Northern District of California Holds Vanity License Plates Are Not Government Speech
California DMV regulations excluding plaintiffs' personalized plates were like the PTO trademark registration restrictions of SLANTS and FUCT — restrictions struck down by the U.S. Supreme Court for violating the First Amendment.
February 16, 2021 at 09:52 AM
9 minute read
This article appeared in The Intellectual Property Strategist, an ALM/Law Journal Newsletters publication that provides a practical source of both business and litigation tactics in the fast-changing area of intellectual property law, including litigating IP rights, patent damages, venue and infringement issues, inter partes review, trademarks on social media – and more.
Depravity or lust, hostility or prejudice? Whatever those might be. In Ogilvie v. Gordon, No. 20-cv-01707 (N.D. Cal.

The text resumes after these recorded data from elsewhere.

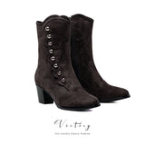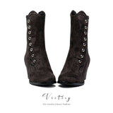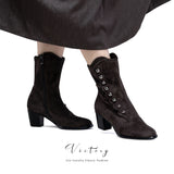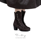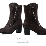 Victorian Round Toe Buttoned Short Boots - Dark Brown[2025年11月上旬-11月下旬発送予定]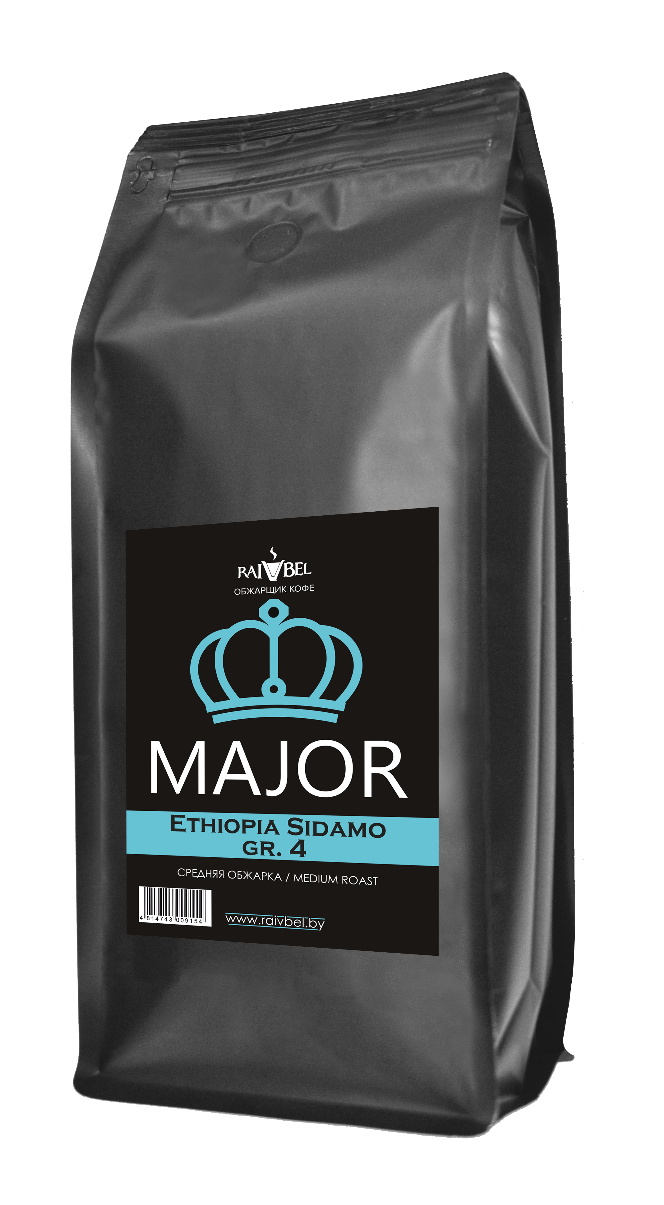 Кофе натуральный жареный в зернах "Ethiopia Sidamo gr.4", ТМ "MAJOR",100% арабика, средняя обжарка 1 кг, РБ (1кор/10шт), РБ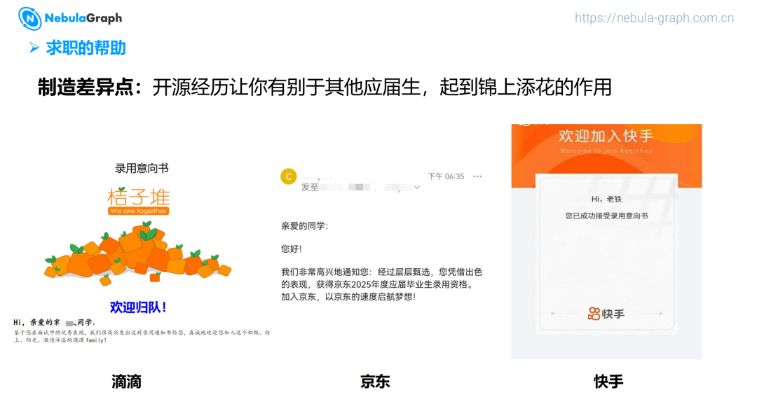 代码能力跃升:你的代码将运行在支撑超大规模数据集群的图数据库中。 实习直通车:顺利结项并经导师推荐,将拥有 NebulaGraph 实习机会。 与大牛同行:4 位顶级导师带你玩转世界级分布式图数据库。 简历镀金:参与 GitHub 万星项目,开源贡献记录永久可见。 硬核成长:从内核到生态工具,贡献真实应用场景。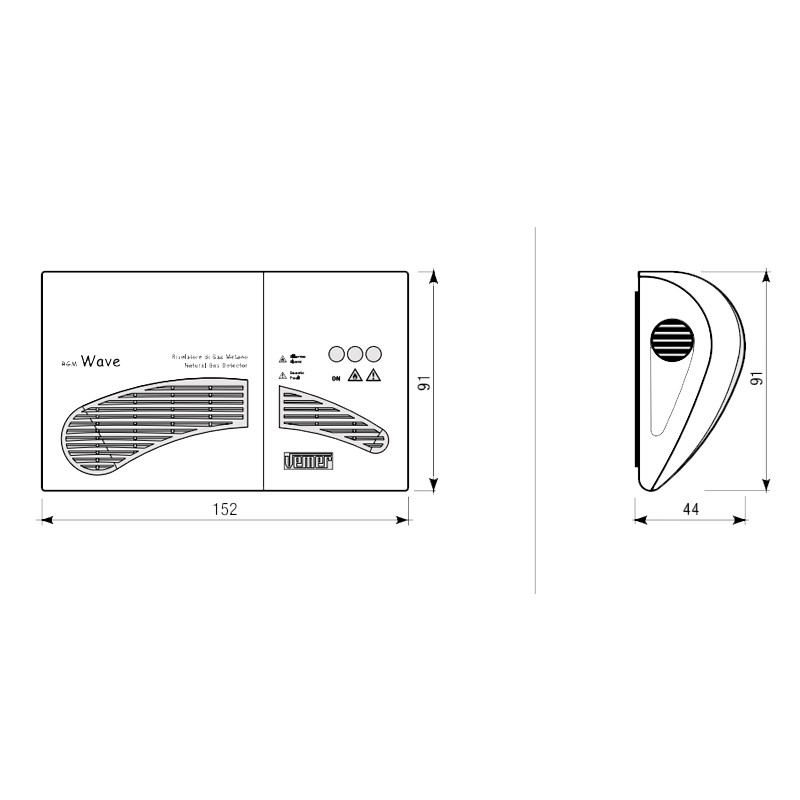 - 1 detector de gas metano RGM Wave en color blanco, con relé para controlar una electroválvula u otro dispositivo que se active en caso de alarma. La alarma se señaliza acústica y visualmente. Alimentación 230V AC - 50/60Hz, 1 relé, Gas detectado metano, Umbral de alarma 8% del límite inferior de explosividad, Dimensiones 152x91x44 mm.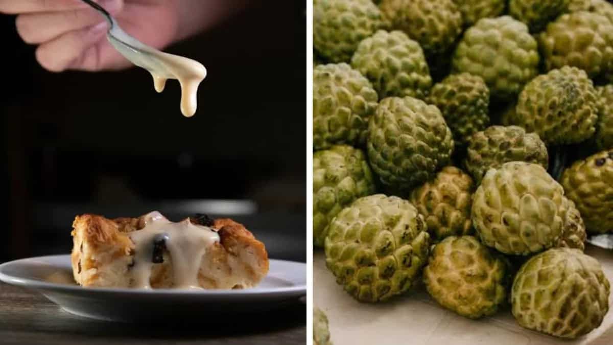 Bread pudding works well with custard apple because the pulp enriches the custard mixture. Use 3 cups loosely packed cubes of day-old bread, 1½ cups full-fat milk, 3 eggs, ½ cup strained custard apple pulp, ¼ cup sugar and a small pinch of grated nutmeg. Warm the milk lightly and whisk it with the eggs, sugar and nutmeg. Stir in the custard apple pulp. Pour the mixture over the bread and allow it to rest for about ten minutes so that the liquid distributes evenly. Transfer to a greased baking dish and bake at 160°C for 35 to 40 minutes until the top sets and the edges firm up. Allow the pudding to cool slightly so that the custard stabilises.
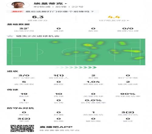 直播吧9月18日宣 欧冠联赛阶段第1轮,利物浦主场3-2马竞。埃基蒂克替补出战,2次错失进球机会,3次射门0射正,评分6.3。

Nov. 24, 2020), the Northern District of California found that California DMV regulations excluding plaintiffs' personalized plates were like the PTO trademark registration restrictions of SLANTS and FUCT — restrictions struck down by the U.S. Supreme Court for violating the First Amendment. The district court followed the Supreme Court in the trademark cases Matal v. Tam, 137 S. Ct. 1744 (2017) and Iancu v. Brunetti, 139 S. Ct. 2294 (2019), finding the PTO's refusal to register certain trademarks was improper viewpoint discrimination. The result for would-be vanity license plates holders? The California DMV may not prevent registration of vanity plates like QUEER, BO1LUX, DUK N A, or OGWOOLF.